Not if you have faith in the fidelity of the white knight. Polleit believes most people in the mainstream investment world do.
The crucial point is the Fed’s safety net: If investors continue to assume that the Fed willingly remains the ‘lender of last resort’, even a monetary policy of some short-term interest rate hiking is unlikely to do much harm to the current recovery. Here is why: If things turn sour, the Fed is expected to reverse its restrictive monetary policy. This may well explain why financial markets have remained rather relaxed in the light of the Fed’s current hiking cycle, which has begun back in December 2015. And markets haven’t become unsettled because of the Fed’s plan to shrink its bloated balance sheet, which means, inter alia, a reduction of liquidity in the US banking system and the quantity of money.”
So far, the Fed has taken a cautious approach to raising rates. But despite all the Goldilocks optimism in the investment world, Polleit sees warning signs flashing.
Many people welcome output and employment gains, coupled with decent investment returns in asset markets, which have been brought about by the Fed’s ultra-expansionary monetary policy. However, the downside of all this should not be overlooked. Central banks around the world, under the leadership of the Fed, have in fact orchestrated yet another artificial boom — which, sooner or later, will falter and turn into bust.
“This is, by no means, a pessimistic prediction. But it is based on sound economics: A policy of artificially lowered interest, a relentless increase in the quantity of money and politically manipulated market prices simply cannot bring about greater prosperity and higher employment in the long run. To think so is delusional. The truth is that such a monetary policy will cause another round of trouble further down the road.
Here Comes the Risk
“Higher interest rates have the potential to make the credit pyramid coming crashing down. They would make it hard for many consumers to service their debt, would reveal malinvestment and result in corporate losses, and stock and housing prices would ultimately follow the law of gravity. Credit markets could become jittery as borrowers run the risk of defaulting on their debt, with banks having limited capacity to absorb payment losses in their loan books.

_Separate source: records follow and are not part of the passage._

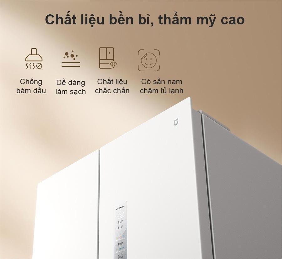 Đặc biệt, bề mặt tủ được phủ lớp chống bám dầu thông minh, giúp hạn chế tối đa việc lưu lại dấu vân tay hay vết bẩn trong quá trình sử dụng hằng ngày. Nhờ đó, người dùng có thể dễ dàng vệ sinh chỉ với một lần lau nhẹ, duy trì vẻ ngoài sáng bóng và bền đẹp theo thời gian. Với sự kết hợp giữa thiết kế tinh tế và tính thực tiễn cao, Tủ lạnh Xiaomi 4 cánh 439L không chỉ là thiết bị bảo quản thực phẩm mà còn là món đồ nội thất mang tính thẩm mỹ cao cho gian bếp hiện đại.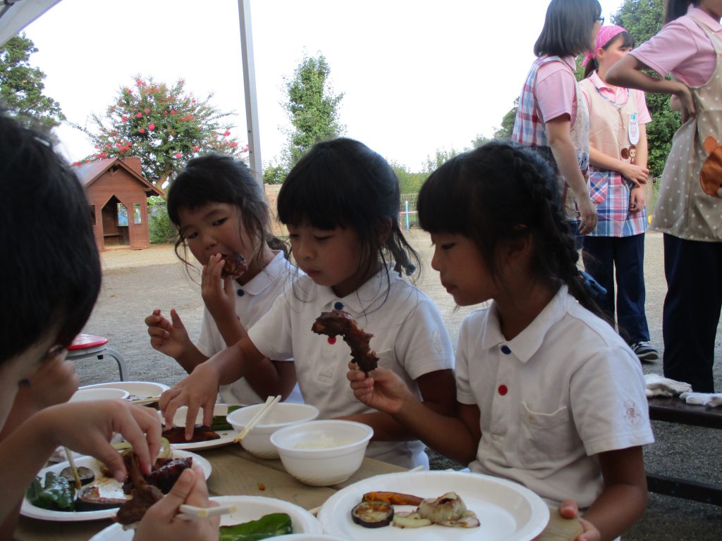 待ちに待ったお泊り保育の日!!みんなで夕食のお買い物にも行き、クッキングもしました。夕食はBBQを食べ、骨付き肉をガブリッ!!消防署の方の話をよく聞きながら、ルールを守って花火もしました。また、みんなで作ったプラネタリウムを見たり、最後は泡風呂に入り、楽しい一日を過ごすことができました。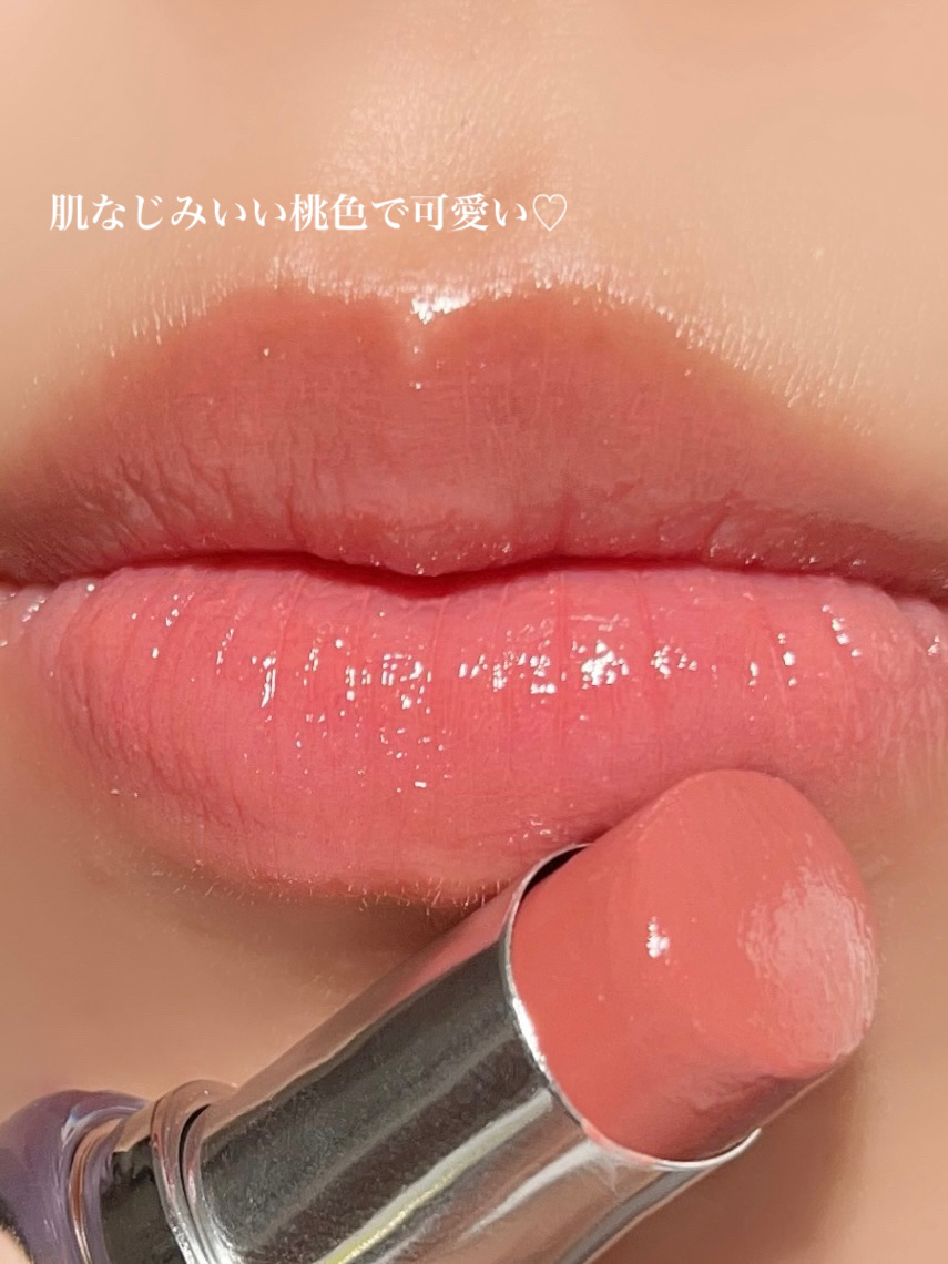 ねっちょりボリューム感あるテクスチャーだけど、ベタつきなく使いやすい。 ティントじゃない普通のグロスだから色もちは良くない。 発色ナチュラルだからこれだけでもいいけど、他のリップと合わせても可愛い!!

“This is the scenario if central banks take away the Halloween candy (aka low interest rates). Higher interest rates are one thing. Another thing is the flattening of the yield curve (meaning the difference between long- and short-term yields). A decline in the yield curve makes banks to reign in their credit supply. As bank credit supply dries up, financial market liquidity drops. The party comes to an end. Asset prices start nosediving.
“As the graph below shows, a flat or even negative yield curve has in the past been accompanied by a stock market crash. Since early 2014, the yield curve has been declining, basically because short-term interest rates have gone up, while long-term interest rates have been declining. Even though the Fed’s interest rate increases have not translated into higher borrowing costs, an ongoing flattening of the yield curve remains a reason to expect the unexpected.”

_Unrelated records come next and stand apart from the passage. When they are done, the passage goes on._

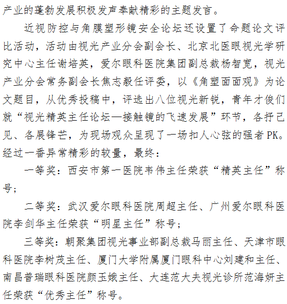 迈入新时代 关注眼健康 ——我院韦伟主任斩获“目立康杯”视光精英主任华冠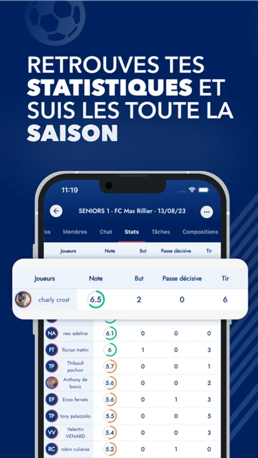 Facilitez la collecte de statistiques pour votre équipe et profitez de tous les classements entre joueurs de manière automatique : classement des buteurs, des passeurs, des cartons jaunes ...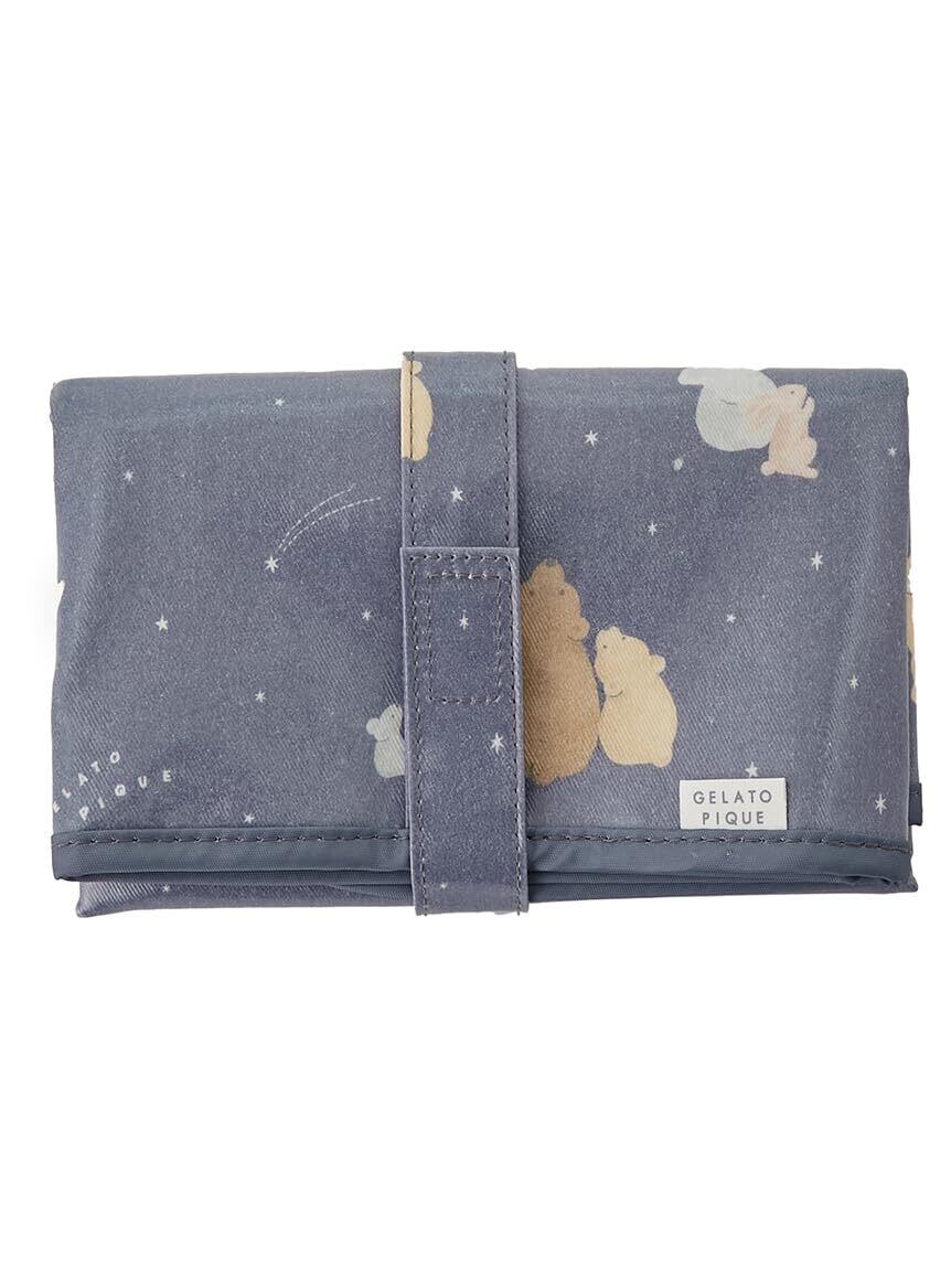 星空を見上げる動物たちをあしらった、ほのぼの優しい気持ちになれそうなママ小物シリーズです。ベビーとのお出かけに便利なおむつシートは、くるっと畳んでマジックテープで留めればコンパクトなサイズ感に。ママバッグにさっと入れて手軽に持ち運べます。表は汚れても拭き取りやすいコーティングを施しており、裏地は抗菌防臭加工済み。色はクリームとネイビーの2色を揃えました。同シリーズのママ小物、ルームウェアとコーディネートしたり、出産祝いのギフトにもおすすめです。

Despite the warning signs, a lot of people cling to the notion that “this time will be different.” After all, the central bankers have learned so much since the last crash. Maybe the white knight will save the day. But Polleit doesn’t share the optimism.

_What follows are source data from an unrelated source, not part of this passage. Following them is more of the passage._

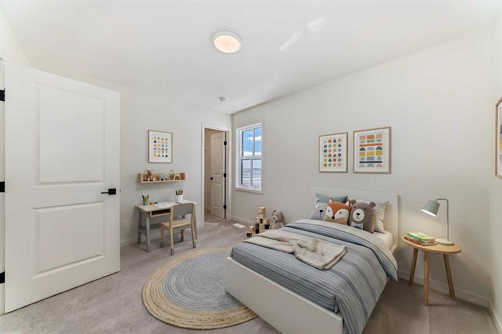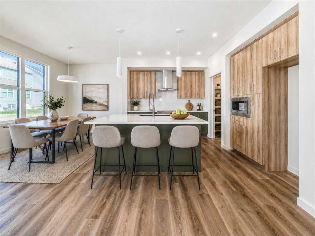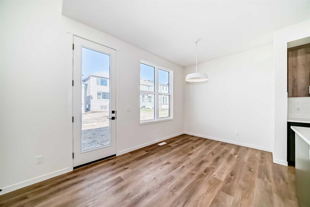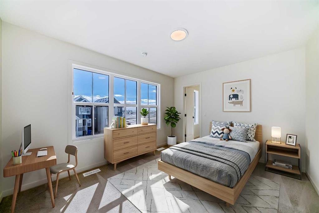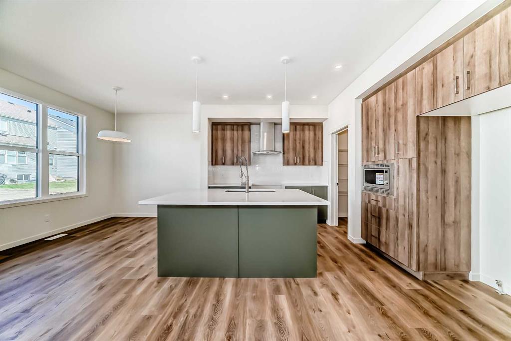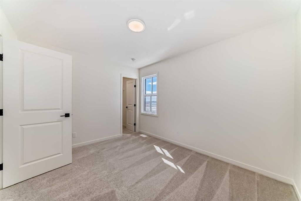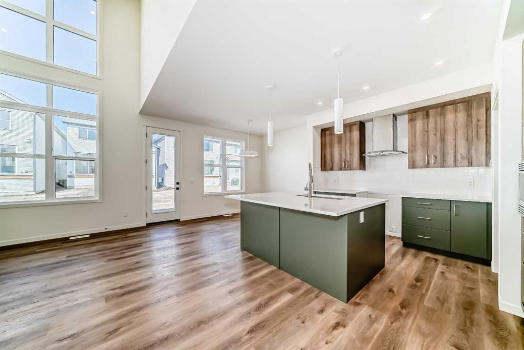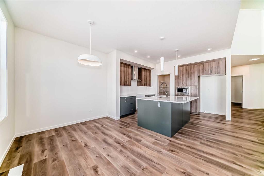 Welcome to The Rossa, a thoughtfully designed quick possession home in Rangeview that blends comfort, versatility, and elevated finishes for today’s modern families. From the moment you step inside, you’re welcomed by durable luxury vinyl plank flooring that carries throughout the main level, offering both style and practicality for everyday living. Near the front of the home, a flex space provides the perfect spot for a home office, study nook, reading area, or creative playroom designed to grow and adapt with your lifestyle. At the heart of the home, the upgraded kitchen makes a beautiful statement with two-tone cabinetry featuring olive lower cabinets and wood grain uppers, creating a warm, modern, and design forward feel. White quartz countertops pair perfectly with the classic white square tile backsplash, while the upgraded kitchen package includes a built in microwave and a stand alone hood fan wrapped in tile for a polished custom look. With thoughtful storage, stylish finishes, and a functional layout, this kitchen is equally ready for quiet weeknights, weekend hosting, and everything in between. Just off the kitchen, the spacious dining area is filled with natural light from large rear facing windows, creating the perfect backdrop for casual breakfasts, family dinners, or holiday gatherings. Adjacent to the dining space, the open to above living room delivers a true wow factor with soaring height, dramatic windows, and a beautiful electric fireplace that anchors the room with warmth and style. Upstairs, a modern railing leads to a versatile entertainment room, ideal for movie nights, gaming, a kids’ retreat, or a quiet secondary lounge. The private primary suite feels like a true escape, complete with a generous walk-in closet and a 5 piece ensuite featuring dual sinks, a deep soaker tub, and a separate shower. Two additional well sized bedrooms share a 4 piece bathroom, while the upper level laundry room adds everyday convenience right where you need it most. Downstairs, the 9’ foundation basement with a separate side entrance is full of future potential. Whether you’re dreaming of additional living space, a home gym, or a future legal suite (A secondary suite would be subject to approval and permitting by the city/municipality), this level offers excellent flexibility for the years ahead. Outside, the west-facing backyard is ready for Calgary’s long summer evenings, perfect for BBQs, outdoor dining, garden lounging, or simply relaxing in the evening sun. Located in Calgary’s desirable southeast, Rangeview is more than just a neighbourhood, it’s a community built around connection, sustainability, and a shared love of food and nature. Inspired by Alberta’s rich agricultural heritage, Rangeview is Calgary’s first garden-to-table community, designed with future gardens, orchards, gathering spaces, pathways, and community-focused amenities that encourage neighbours to connect, grow, and enjoy a lifestyle rooted in wellness and belonging.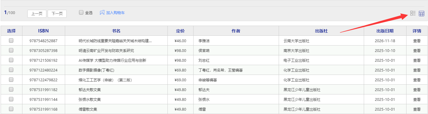 1.1平台可按图书的出版时间、定价排序。也可按价格区间、出版时间段、重点图书【即图书馆关注的重点出版社】进行筛选。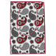 Ornate paisley pattern in black, white and shades of grey / grey, accented with deep red, on a white background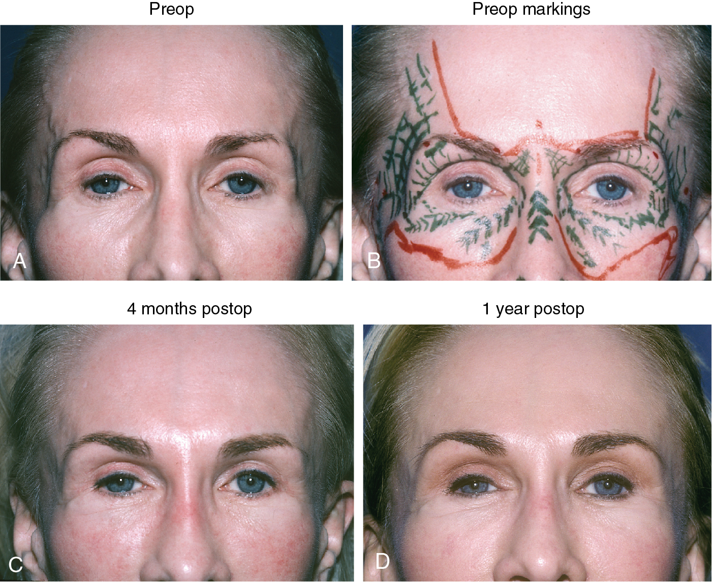 A 50-year-old woman presented with hollowing of the temples with prominent veins, hollowing of the orbits, prominent tear troughs, loss of malar prominence, and loss of definition of the nasal dorsum ( Fig. 35.1 A–D). A total of 200 mL of fat was harvested from her inner, outer, and anterior thighs by using 10-mL syringes and Coleman harvesting cannulas. The fat was processed in the standard manner by using the Coleman technique described previously. The refined fat was then placed as follows: right temple, 4 mL; left temple, 3.5 mL; glabella, 1.5 mL; right upper eyelid, 2 mL; left upper eyelid, 2 mL; right lateral eyelid, 0.8 mL; left lateral eyelid, 0.8 mL; dorsum, 2 mL; right anterior malar fold, 2 mL; left anterior malar fold, 2 mL; right lateral infraorbital rim, 2 mL; left lateral infraorbital rim, 2 mL; right lateral cheek, 1 mL; and lateral cheek, 1 mL. The fat was placed by using a combination of Coleman cannulas and 22-gauge needles, but mostly with type III cannulas. Fig. 35.1 shows photographs of the patient preoperatively with and without markings of the areas to inject and at 4 months and at 1 year after fat grafting, with no other procedures in the interim. The patient obtained lasting restoration of fullness in every area of the face infiltrated, a decrease in hollowness, reduction of visibility of the temple veins, and a remarkable improvement in the quality of skin over time.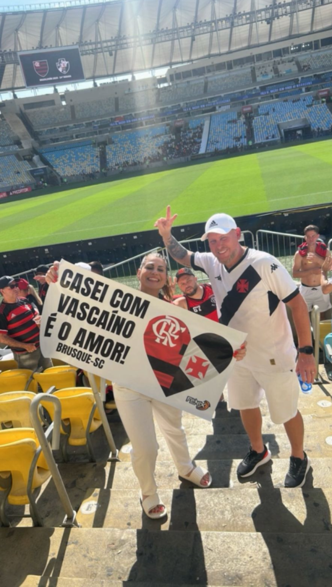 Tatiane conta que assistir a um jogo entre os dois times era um sonho do casal. Ela ainda levou uma faixa para o estádio com a mensagem: “casei com vascaíno. É o amor”. Logo abaixo da frase, apareciam o nome de Brusque e um coração formado pelos símbolos dos dois clubes.
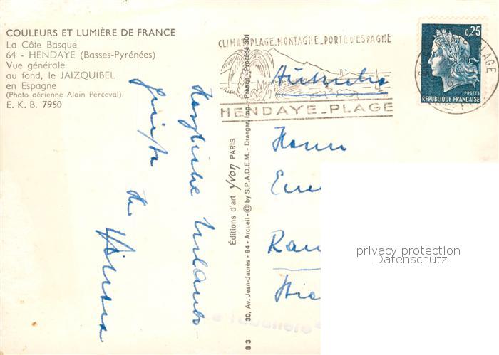 13855751 Hendaye 64 Vue generale aerienne postalisch gelaufen Erhaltung siehe scans [WerneD78] carte postale Wern Katcode 11170064164260

The Fed’s slow and gradual approach to tighten monetary policy might indeed be reducing the risk that it could “be raising interest rates too much too fast,” pricking the credit bubble, and bringing down the house of (credit) cards. However, a considerable risk remains that the Fed will once again turn the boom into bust. And let’s be honest: In view of its track record, there is little reason to expect that the Fed won’t mess things up this time.”